WHAT YOU SHOULD DO:
Retype, exactly as written, every line from the one containing "This huge, gorgeous" through the last line of the records below, both included; skip the pictures.
****************************************
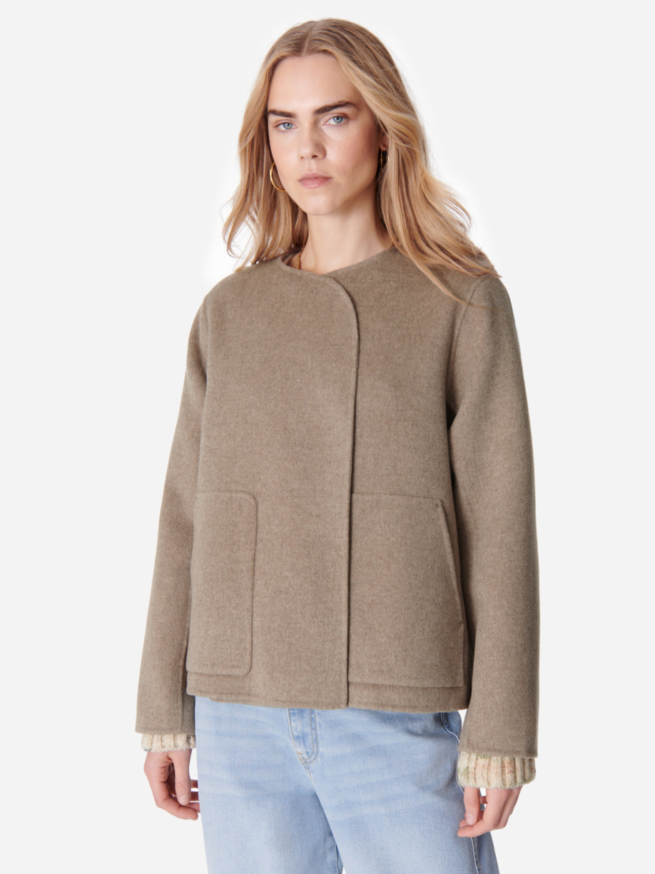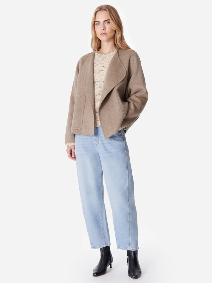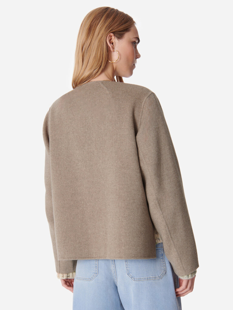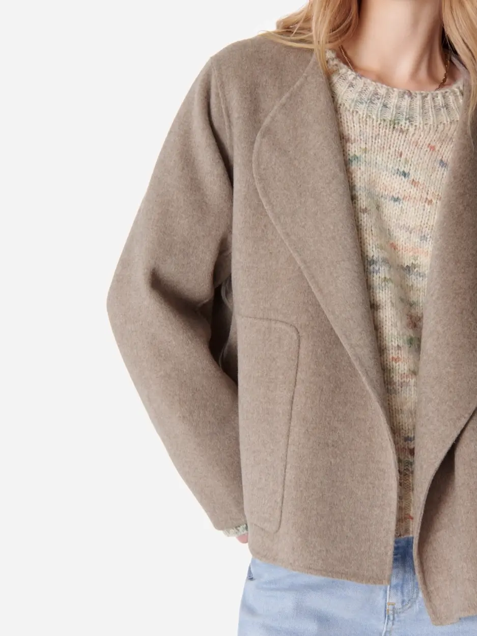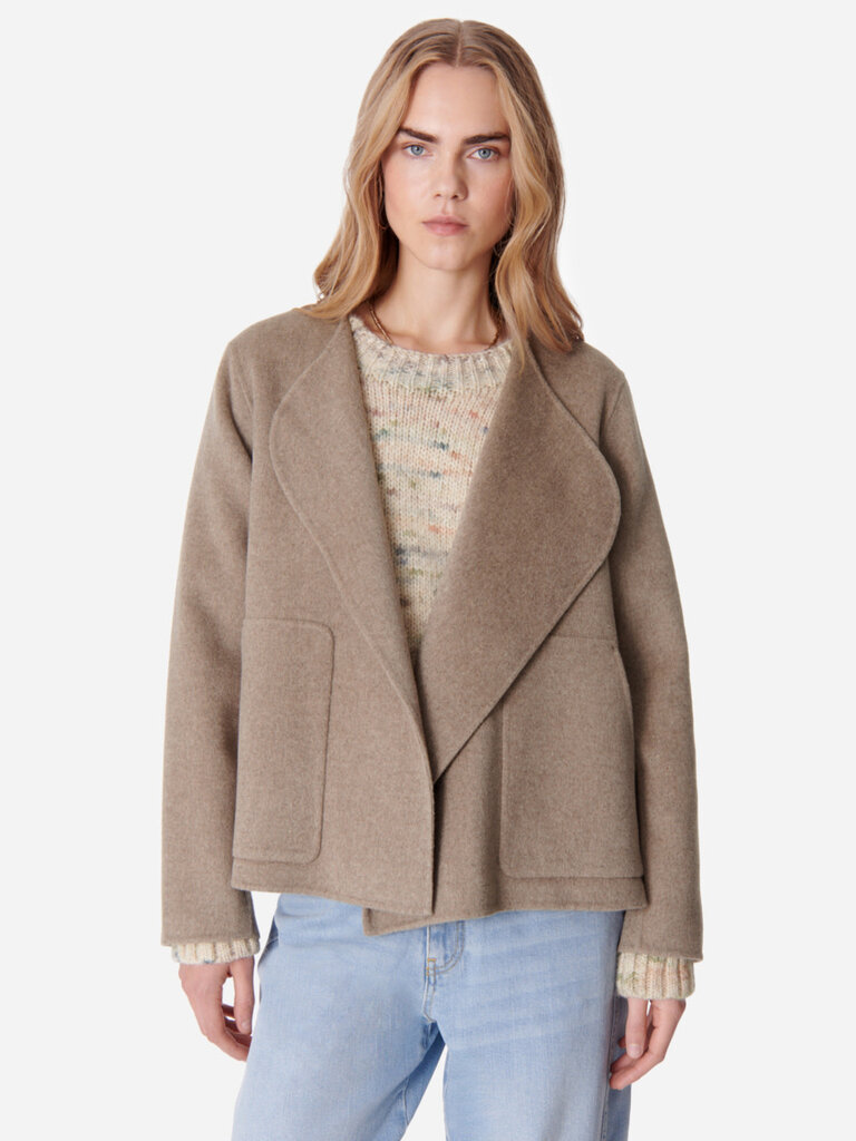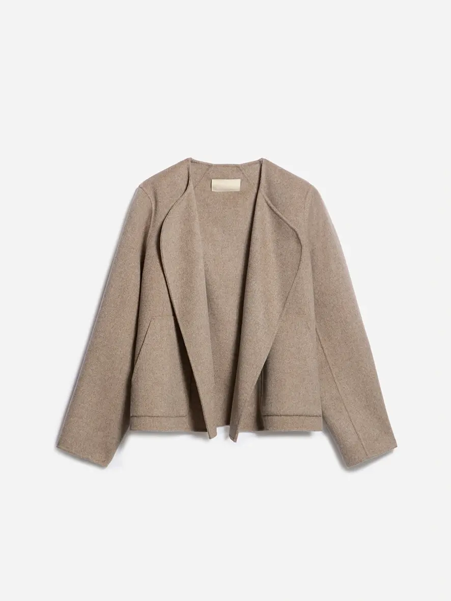 Lightweight yet warm, this double-sided wool jacket is ideal for the transition from winter to spring. Its loose, flowing cut creates effortless elegance, while its draped collar gives it a modern, relaxed silhouette. Easy to layer, it embodies a timeless style that is perfect for any wardrobe.
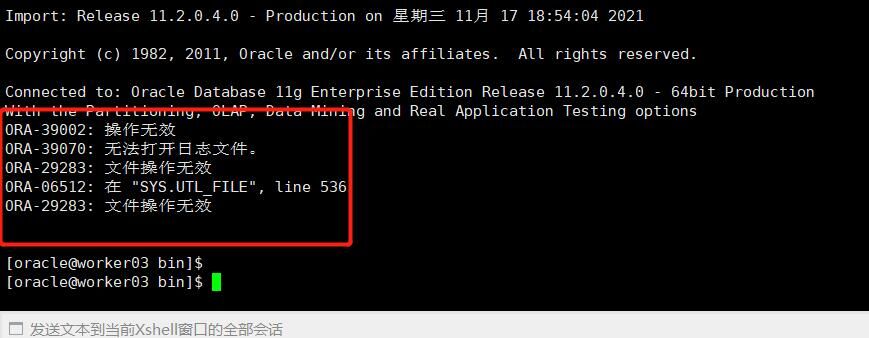 朋友你好,请将完整的expdp语句,备份文件存放位置还有目录的属主属组截图贴出来,方便判断。
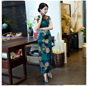 雾璃|冬季 日常旗袍连衣裙 加厚夹棉古法全开襟平裁曳地旗袍长袖
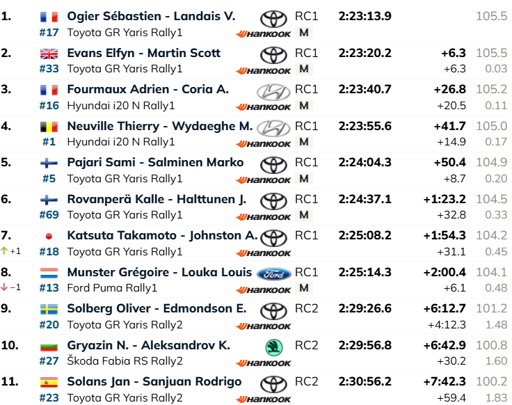 Πιο πίσω, ο Sami Pajari δεν απείλησε αλλά ούτε και απειλήθηκε. Ο νεαρός Φινλανδός, κατέλαβε την πέμπτη θέση, έχοντας κατά διαστήματα έναν αρκετά γρήγορο ρυθμό και βρισκόταν κοντά στις πρώτες θέσεις. Έκτος, βρίσκεται ακόμα ένας συμπατριώτης του, ο Kalle Rovanpera, ο οποίος μετά τις εγκαταλείψεις των Tanak,McErlean και Heller ήταν εκείνος που άνοιγε κάθε ειδική διαδρομή και πλέον εστιάζει στους επιπλέον βαθμούς της Κυριακής, που θα τον κρατήσουν ζεστό στην μάχη για την κατάκτηση του τίτλου.
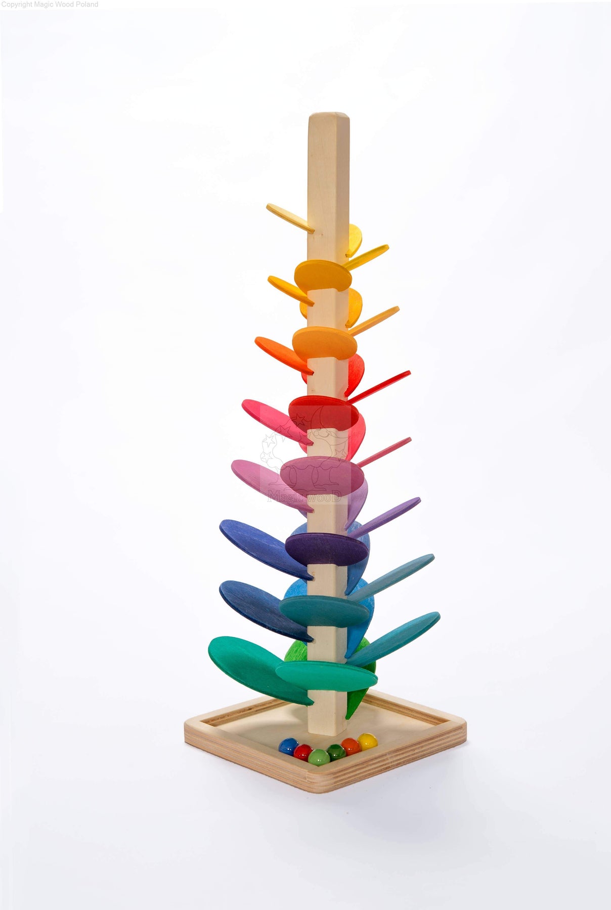 This huge, gorgeous rainbow tree is handmade from solid wood. Drop a marble at the top and watch it spin and roll all the way down the tree, while making the most unique and sweet rain like sounds. Drop all the marbles into the tree at once and watch them race to the bottom! This toy is so simply fun and just amazing to look at!
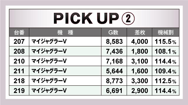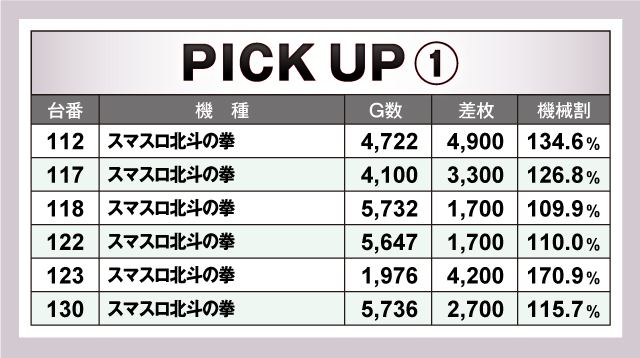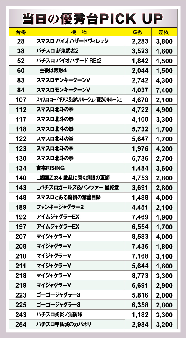 続いては、当日とくに活躍していた2機種を紹介していこう。まずスマスロを代表して「スマスロ北斗の拳」をピックアップ。6台すべてが優秀台に選出されており、112番台の+4,900枚を筆頭に好記録が続出! またジャグラーシリーズ代表の「マイジャグラーⅤ」は、差枚+3,000枚クラスの3台をはじめ、好記録台が出現! もちろんこれら2機種以外にも、賑わう機種は複数確認できた!
****************************************
WRITTEN ANSWER:
 This huge, gorgeous rainbow tree is handmade from solid wood. Drop a marble at the top and watch it spin and roll all the way down the tree, while making the most unique and sweet rain like sounds. Drop all the marbles into the tree at once and watch them race to the bottom! This toy is so simply fun and just amazing to look at!
 続いては、当日とくに活躍していた2機種を紹介していこう。まずスマスロを代表して「スマスロ北斗の拳」をピックアップ。6台すべてが優秀台に選出されており、112番台の+4,900枚を筆頭に好記録が続出! またジャグラーシリーズ代表の「マイジャグラーⅤ」は、差枚+3,000枚クラスの3台をはじめ、好記録台が出現! もちろんこれら2機種以外にも、賑わう機種は複数確認できた!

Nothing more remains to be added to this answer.